Por
Cecilia Hopkins
Llevar a
escena un clásico del Siglo de Oro español como La dama duende, de
Calderón de la Barca, entraña más de un desafío. Escrita en 1629, esta
pieza de capa y espada contiene enredos y equívocos que podrían resultar
por demás ingenuos para el espectador que no la mire desde una
perspectiva histórica (y en esto conviene considerar que su autor la
compuso principalmente a modo de crítica contra las supersticiones
usuales de la época). Los vericuetos de la trama se gestan a expensas de
una joven viuda que, desoyendo el mandato de sus hermanos, intenta ponerle
fin a su luto enamorando a un caballero desconocido. Pero aunque Doña
Angela se divierte a su antojo haciéndose pasar por un duende para terror
de la servidumbre y sorpresa de su enamorado, su juego no puede ser
considerado como una reivindicación del derecho a la libertad femenina.

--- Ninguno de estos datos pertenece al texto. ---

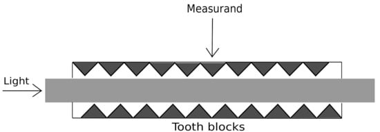 Microbend FOS principle. The light passing through the microbend FOS is modulated by the deformations in the optical fiber due to the displacement of the micro-benders [23].
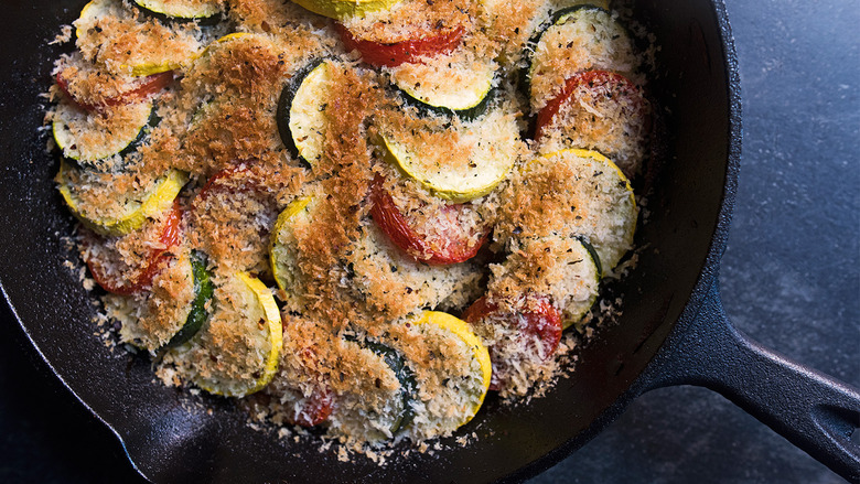 After 20 minutes, remove the tian from the oven and sprinkle the breadcrumb mixture on top of the vegetables. Return the pan to the oven for another 10 minutes or until the top is golden brown and crispy.

Después de todo, la protagonista solamente podrá cambiar radicalmente de
vida siempre que salga de la casa de un modo honorable, es decir,
convenientemente casada.
Pero más allá de lo estrictamente argumental, el mayor de los
riesgos de La dama duende radica en que está escrita en verso y que
precisa, por lo tanto, de intérpretes que acrediten cierto entrenamiento
en la materia. La versión que el director y régie Daniel Suárez Marzal
acaba de estrenar en los jardines del Museo Fernández Blanco (un marco
ideal para este tipo de propuestas) cuenta con un elenco joven (de allí
el nombre del grupo, Los Sub 30) parejo en bríos, pero desparejo en el
manejo de los textos. Y no se trata de una cuestión de edad (lo prueban
las dificultades que demostraron en el mismo tema algunos de los actores
experimentados que participaron de La vida es sueño, del mismo Calderón,
conducida por el mismo director). Se puede destacar que del elenco fluyen
en sus personajes Florencia Saraví Medina, en el rol protagónico, María
Colloca, en el papel de su criada y de modo menos parejo, Claudio
Tolcachir y Pablo Finamore, que encarnan la contrapareja masculina
compuesta de amo y criado. De todos modos, la puesta acierta en la dirección
musical de Nicolás Bernazzani y en la ruptura parcial de la estética de
la época que Suárez Marzal se propone, y que consigue a través de los
objetos de acrílico diseñados por Horacio Pigozzi.